Extras will include the following on Disc One: A new 4K scan of the original camera negative, 8 featurettes (An Anemic Valentine: An Interview with Director George Mihalka, From the Heart: An Interview with Actor Paul Kelman, Friends of Mine: An Interview with Actress Lori Hallier, Axel, Be My Valentine: An Interview with Actor Neil Affleck, Becoming Sylvia: An Interview with Actress Helene Udy, The Secret Keeper: An Interview with Actor Rob Stein, Broken Hearts and Broken Bones: An Interview with Special Makeup Effects Designer Tom Burman, and Holes in the Heart: A Look at the Difference Between the Theatrical Version and the Uncut Version), the original theatrical trailer, original TV spots, original radio spots, and a still gallery.
Disc Two includes: A new 4K scan of the uncut original camera negative, new audio commentary with director George Mihalka, the My Bloody Valentine: 35th Anniversary Cast Reunion Panel featurette, and Thomas Kovacs Performs “The Ballad of Harry Warden” at the Bay of Blood Convention.

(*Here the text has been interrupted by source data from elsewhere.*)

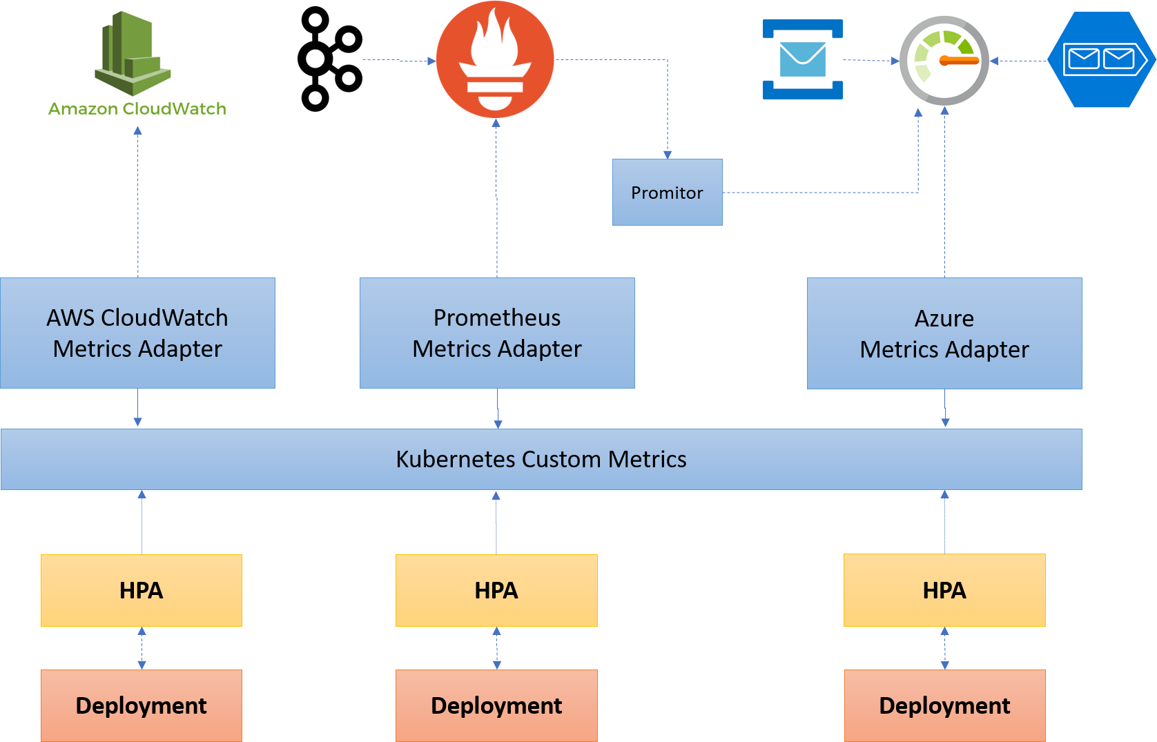 Without KEDA, it is up to you to define how your deployments have to scale by creating Horizontal Pod Autoscalers (HPA). But before you can do that, you need to run a metric adapter to pull the metrics from the source that you want.
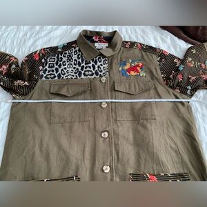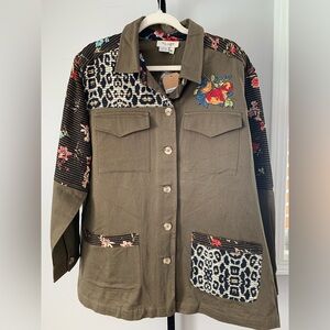 Stylish utility jacket with vibrant floral and animal print. Button front and practical pockets. Perfect for everyday wear. They call this their patchwork military jacket. Fun olive green with not only animal print, floral and embroidery as well. Jacket has 4 fri t pockets and is a full button. Size XL is 100% cotton.
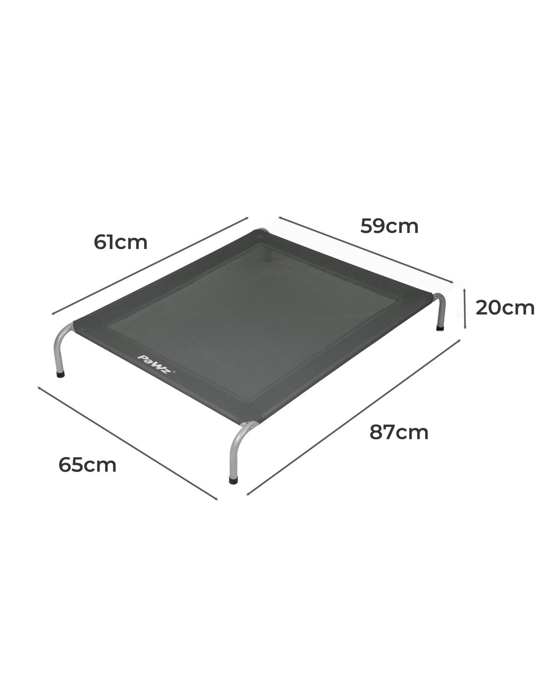 A comfortable and durable resting place for pets, this elevated trampoline pet bed is designed to provide superior support and airflow. The breathable mesh surface helps regulate body temperature, keeping dogs cool and relaxed, while the heavy-duty steel frame ensures long-lasting stability. Perfect for both indoor and outdoor use, this pet bed offers a raised design that protects pets from dirt, moisture, and pests.
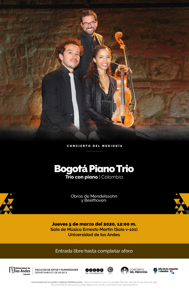 Sala de Música Ernesto Martin, Universidad de los Andes, Bogotá View mapFundado en 2016, el Bogotá Piano Trío lleva a sus espaldas presentaciones en reconocidos escenarios y festivales de Colombia. El trío ha colaborado también con compositores de Colombia, haciendo parte de estrenos mundiales. Sus integrantes son Anyango Yarbo-Davenport, violín (profesora Asistente de la Universidad Javeriana, Directora y Solista Colour of Music Virtuosi); Ivan Leon, cello (profesor de la U Javeriana y la U Central) y Mauricio Arias Esguerra (profesor asistente Uniandes)
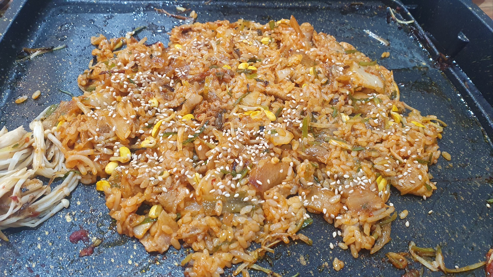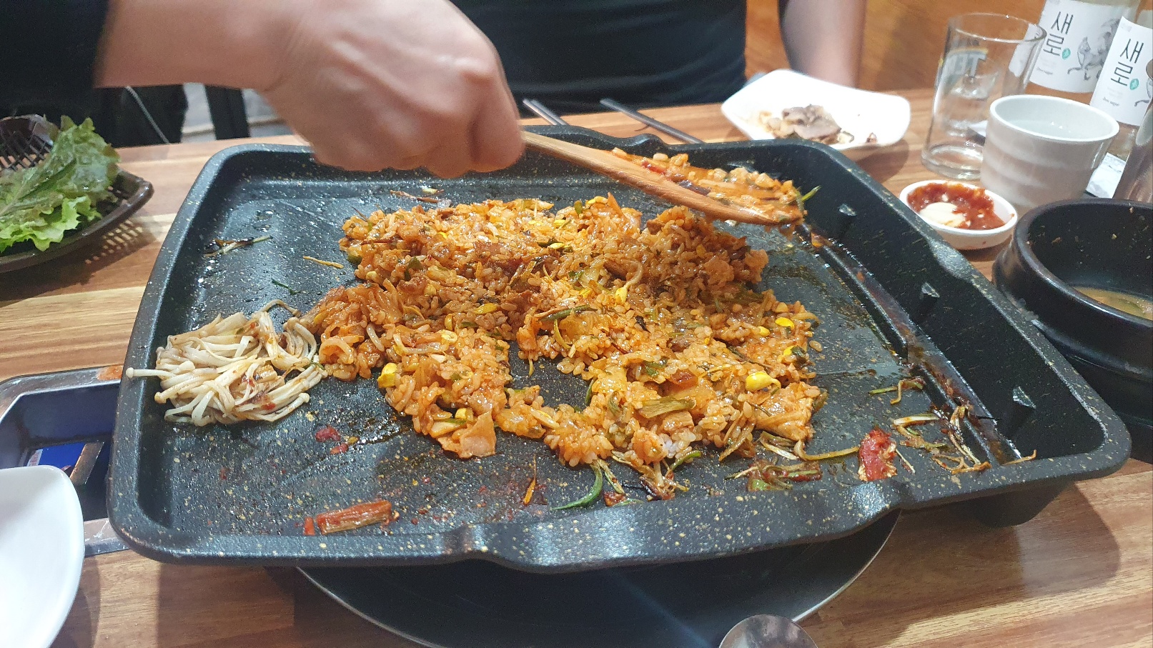 고기를 다 먹지 말고 조금 남겨 놓고 볶음밥을 주문하면 사장님께서 불판 위 고기랑 구운 채소들을 가지고 가셔서 주방에서 볶음밥을 만들어다 주십니다. 그리고 불판 위에 예쁘게 쫙~ 펼쳐놓아 주지요~
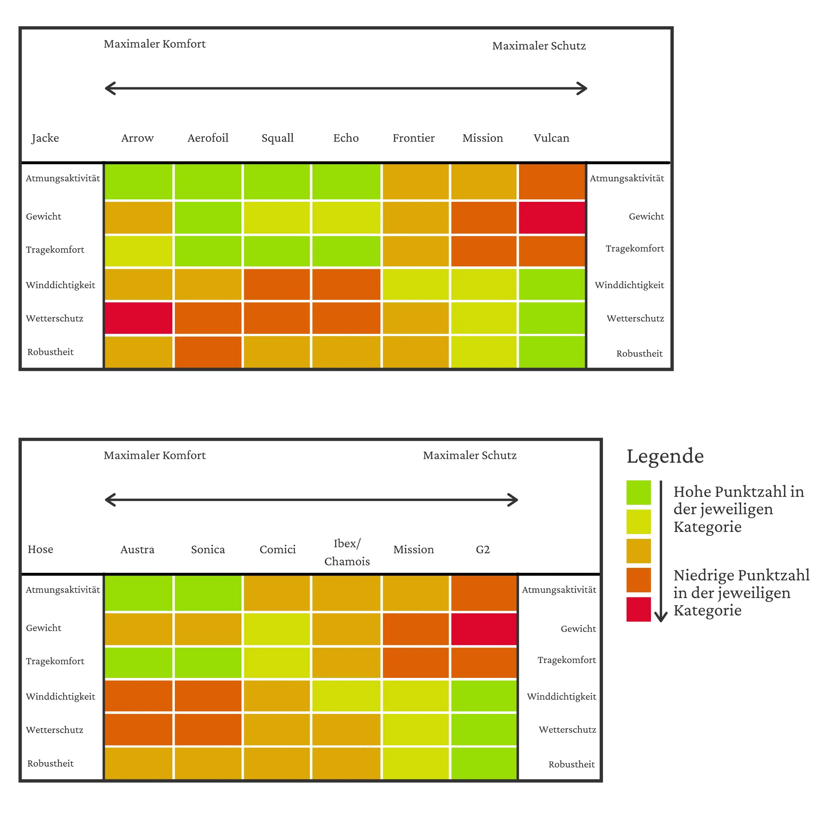 Generell gilt: je höher der Wetterschutz, desto geringer die Atmungsaktivität und damit der Komfort. Das haben wir unserem Blogbeitrag „Winddichtigkeit vs. Atmungsaktivität“ etwas genauer erklärt. Unsere verschiedenen Softshell-Produkte lassen sich in Bezug auf Schutz und Komfort in etwa so einordnen:

Now then... Universal has just officially announced the Blu-ray and DVD release of Bong Joon-ho’s Parasite on 1/28, with a 4K Digital version that’s now available as of today. At the moment, it appears that the 4K is strictly Digital only here in the States, though it’s possible that a physical 4K version could be released later if sales of the title are strong enough. Extras will include a Q&A with Director Bong Joon-ho featurette.

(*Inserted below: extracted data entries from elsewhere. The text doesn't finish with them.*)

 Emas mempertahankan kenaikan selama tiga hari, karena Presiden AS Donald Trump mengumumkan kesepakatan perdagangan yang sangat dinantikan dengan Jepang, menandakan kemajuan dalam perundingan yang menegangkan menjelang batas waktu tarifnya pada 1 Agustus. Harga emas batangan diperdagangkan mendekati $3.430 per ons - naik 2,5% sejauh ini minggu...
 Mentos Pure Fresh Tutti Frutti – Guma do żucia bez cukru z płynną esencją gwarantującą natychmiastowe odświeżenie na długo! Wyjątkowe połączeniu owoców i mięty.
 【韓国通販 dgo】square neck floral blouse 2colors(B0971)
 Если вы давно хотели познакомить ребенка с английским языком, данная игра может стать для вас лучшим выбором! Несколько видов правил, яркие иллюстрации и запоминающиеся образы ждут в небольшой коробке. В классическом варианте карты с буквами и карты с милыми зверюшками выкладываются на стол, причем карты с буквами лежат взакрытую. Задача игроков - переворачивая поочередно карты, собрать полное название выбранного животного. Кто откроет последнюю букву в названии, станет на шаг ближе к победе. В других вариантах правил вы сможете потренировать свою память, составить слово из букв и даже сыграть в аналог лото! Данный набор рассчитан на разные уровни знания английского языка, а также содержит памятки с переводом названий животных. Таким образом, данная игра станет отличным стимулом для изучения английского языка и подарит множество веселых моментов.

Also, Paramount has revealed that John Krasinski’s A Quiet Place is being re-issued on 4K Ultra HD on 3/10 in new Mondo Steelbook packaging. This is timed to promote the theatrical release of the sequel film, which hits theaters on 3/20. You can see the cover artwork above left and also below.
Now then... back on the topic of CES and physical media. Some of you longtime readers may have noticed, but I haven’t personally attended CES in a couple of years now. And the reason is simple: The Hollywood studios have almost no presence at the show anymore, and there simply haven’t been all that many significant 4K and Blu-ray related developments at the show. Essentially, no new 4K or Blu-ray players have been announced there—certainly not this year. And the only significant development at the show this year was the news from the Ultra HD Association that Samsung and Philips are going to support Filmmaker Mode, as we said yesterday.

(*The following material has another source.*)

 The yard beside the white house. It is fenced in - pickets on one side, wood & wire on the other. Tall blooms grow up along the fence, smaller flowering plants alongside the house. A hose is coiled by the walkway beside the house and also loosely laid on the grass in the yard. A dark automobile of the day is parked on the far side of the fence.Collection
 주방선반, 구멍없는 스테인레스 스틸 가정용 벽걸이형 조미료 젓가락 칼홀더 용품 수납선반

Here’s the thing about that: All of that news can be more easily covered from the office rather than by actually attending the show. And I regularly meet with studios and industry folk here in SoCal anyway—there’s just little need to actually attend CES in person.
Really all of the news at CES this year was focused on new 4K and especially 8K displays. But again, there’s just no need for 8K. Sure, advocates will say: “But upscaling algorithms are getting so good that native 4K material will look great on 8K!” I have little doubt that’s true. But aside from a few newer films shot on IMAX or classic titles shot in 65mm, there’s just no native 8K content. Again, most films still post finish on 2K DIs, though native 4K DIs are finally becoming more common. But finishing in native 8K—especially rendering VFX work at 8K in post-production—would be enormously expensive and time-consuming. There are no plans for an 8K physical media format that would be necessary to deliver the content to consumers at full bandwidth. And most people (especially in the US) still don’t have the Internet bandwidth to view high quality 4K material via streaming, much less 8K. The simple fact is, every physical media format since DVD has won over a smaller and smaller portion of the consumer market. Blu-ray has a smaller audience than DVD, and 4K has a smaller audience than Blu-ray. In fact, look at these home video sales percentages for the first week of 2020 (per NPD VideoScan and Media Play News)...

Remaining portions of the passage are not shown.